Although we considered HST-AHI as the gold standard method in this study, the concept that AHI is the single most important parameter for defining OSA severity has been questioned[22]. For instance, there is growing evidence that parameters derived from the oximeter, such as the ODI and the hypoxic burden, are more relevant than the AHI to determine the association with hypertension and to predict future cardiovascular events[23]. It must also be stressed that the treatment decision is dependent on the patients’ symptoms and the presence of comorbidities. Finally, the treatment decision will always depend on the center experience as well as on the patient’s willingness to accept specific treatment modalities, such as surgery or CPAP. Therefore, the present evidence of a good correlation between HST-AHI and ODM-ODI is robust proof that the Biologix platform provides sufficient information for clinical treatment decisions among patients with suspected OSA. In addition, the fact that Biologix is low-cost, minimally invasive, and accurate, leads to the possibility of multiple studies. Biologix can address the intrinsic uncertainty derived from night-to-night variability, which is largely ignored in clinical practice because of the economic and logistic difficulties of performing multiple sleep studies. Repeated sleep studies may also address the OSA severity fluctuations associated with alcohol intake. The device may also be particularly useful to follow up patients under different treatments, such as during titration of mandibular advancement devices, weight loss, and alternative treatments.

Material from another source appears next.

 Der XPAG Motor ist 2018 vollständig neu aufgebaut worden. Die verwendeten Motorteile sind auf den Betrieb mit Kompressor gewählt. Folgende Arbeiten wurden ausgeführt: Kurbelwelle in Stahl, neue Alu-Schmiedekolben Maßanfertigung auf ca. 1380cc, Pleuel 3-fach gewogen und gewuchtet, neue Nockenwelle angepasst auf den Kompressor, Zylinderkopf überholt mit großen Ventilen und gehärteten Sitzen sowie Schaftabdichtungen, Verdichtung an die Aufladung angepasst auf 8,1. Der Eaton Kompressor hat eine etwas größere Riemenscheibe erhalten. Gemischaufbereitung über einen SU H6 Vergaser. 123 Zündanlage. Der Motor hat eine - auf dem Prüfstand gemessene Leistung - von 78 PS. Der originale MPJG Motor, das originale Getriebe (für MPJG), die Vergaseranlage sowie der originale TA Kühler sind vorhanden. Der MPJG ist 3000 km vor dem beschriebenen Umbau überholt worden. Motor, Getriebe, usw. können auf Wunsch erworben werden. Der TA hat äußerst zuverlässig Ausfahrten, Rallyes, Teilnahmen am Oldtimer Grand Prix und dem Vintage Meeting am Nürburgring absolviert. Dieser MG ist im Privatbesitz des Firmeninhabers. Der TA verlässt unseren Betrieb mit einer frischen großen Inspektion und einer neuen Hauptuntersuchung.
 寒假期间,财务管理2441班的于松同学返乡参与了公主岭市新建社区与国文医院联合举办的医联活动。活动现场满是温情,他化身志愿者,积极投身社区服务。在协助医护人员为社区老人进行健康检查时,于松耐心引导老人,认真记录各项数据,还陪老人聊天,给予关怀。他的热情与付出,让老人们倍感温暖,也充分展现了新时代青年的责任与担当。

Our study had several limitations. First, Biologix was not offered to all patients who participated in this fast-track OSA diagnosis due to logistic limitations. However, we studied a large sample of patients with suspected OSA (Table 1). Second, ODM is dependent on smartphones with Internet connections, which may not be readily available in some areas. Third, the number of patients used on HST night-to-night variability was smaller than that of patients who used Biologix and HST. However, our night-to-night OSA severity variability is in line with previous studies[19,24]. Fourth, in this study compared ODM with HST considered as the gold standard. However, HST has potential limitations because it does detect sleep, sleep stages and arousals from sleep that may be relevant parameters in sub groups of OSA patients. Finally, ODM does not distinguish between central and obstructive events and has not been validated among patients with significant comorbidities, such as heart failure and severe pulmonary diseases.

In conclusion, ODM-Biologix is a simple method that has good performance for OSA diagnosis at home among patients with suspected OSA. As technology advances, new perspectives must be explored, such as the inclusion of more sophisticated analysis of pulse rate signal and sleep architecture using machine-learning algorithms.